◆ **Goal of the exercise**: Skip the pictures. Return exactly the lines from the one containing "图 光伏行业大发展的周期都来自量的拉动" through the end of the entries below.

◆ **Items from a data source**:

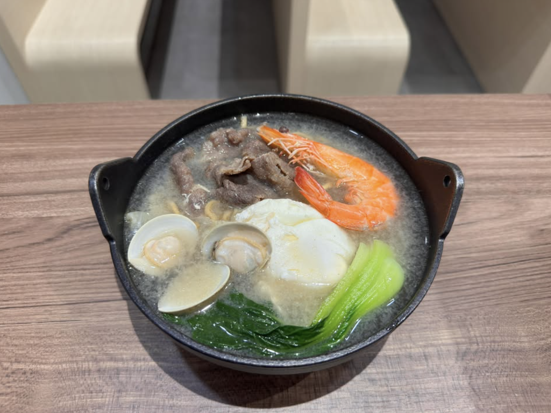 這裡的鍋燒麵是對「真材實料」的最好詮釋,拒絕使用廉價的加工火鍋料填充,而是將重點回歸食材本身。麻油湯頭香氣醇厚卻不顯油膩,溫潤地包裹著每一根麵條;酸辣湯頭則開胃提神,風味鮮明有致。碗中滿載新鮮的豬肉片與飽滿蛤蠣,份量十足,帶來扎實的飽足感。每一口湯頭與配料,都反映出店家從基底開始熬煮的堅持與用心,讓吃麵不再只是果腹,而是一種暖心的享受。
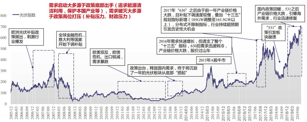 图 光伏行业大发展的周期都来自量的拉动
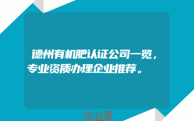 - 德州有机肥认证公司一览,专业资质办理企业推荐。
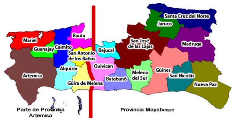 Ambos territorios se crearon a partir de la separación de la antigua provincia La Habana en dos, Artemisa, con 11 municipios; incluidos Bahía Honda, Candelaria y San Cristóbal, que formaban parte de Pinar del Río, y Mayabeque con 19.
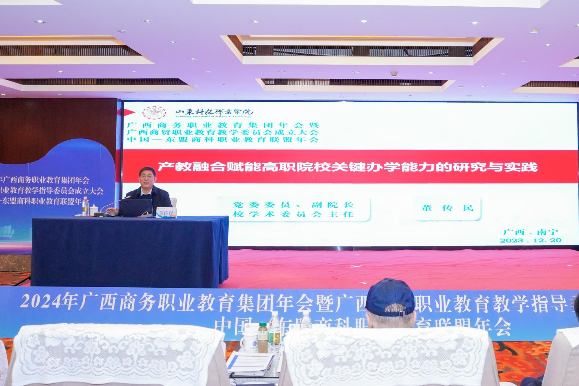 12月19日-20日,一场聚焦广西商科职业教育发展与合作创新的盛会——2024年广西商务职业教育集团年会暨广西商贸职业教育教学指导委员会成立大会、中国—东盟商科职业教育联盟年会在南宁市红林大酒店成功举办。此次大会汇聚了国内外百余名商科职业教育领域的专家学者、行业精英及政府代表,共同围绕“共享职教成果,推动商科职业教育合作创新”的主题,深入研讨高质量构建政行企校协同的职业教育发展新机制,服务广西社会经济发展。

◆ **Expected answer**:
 图 光伏行业大发展的周期都来自量的拉动
 - 德州有机肥认证公司一览,专业资质办理企业推荐。
 Ambos territorios se crearon a partir de la separación de la antigua provincia La Habana en dos, Artemisa, con 11 municipios; incluidos Bahía Honda, Candelaria y San Cristóbal, que formaban parte de Pinar del Río, y Mayabeque con 19.
 12月19日-20日,一场聚焦广西商科职业教育发展与合作创新的盛会——2024年广西商务职业教育集团年会暨广西商贸职业教育教学指导委员会成立大会、中国—东盟商科职业教育联盟年会在南宁市红林大酒店成功举办。此次大会汇聚了国内外百余名商科职业教育领域的专家学者、行业精英及政府代表,共同围绕“共享职教成果,推动商科职业教育合作创新”的主题,深入研讨高质量构建政行企校协同的职业教育发展新机制,服务广西社会经济发展。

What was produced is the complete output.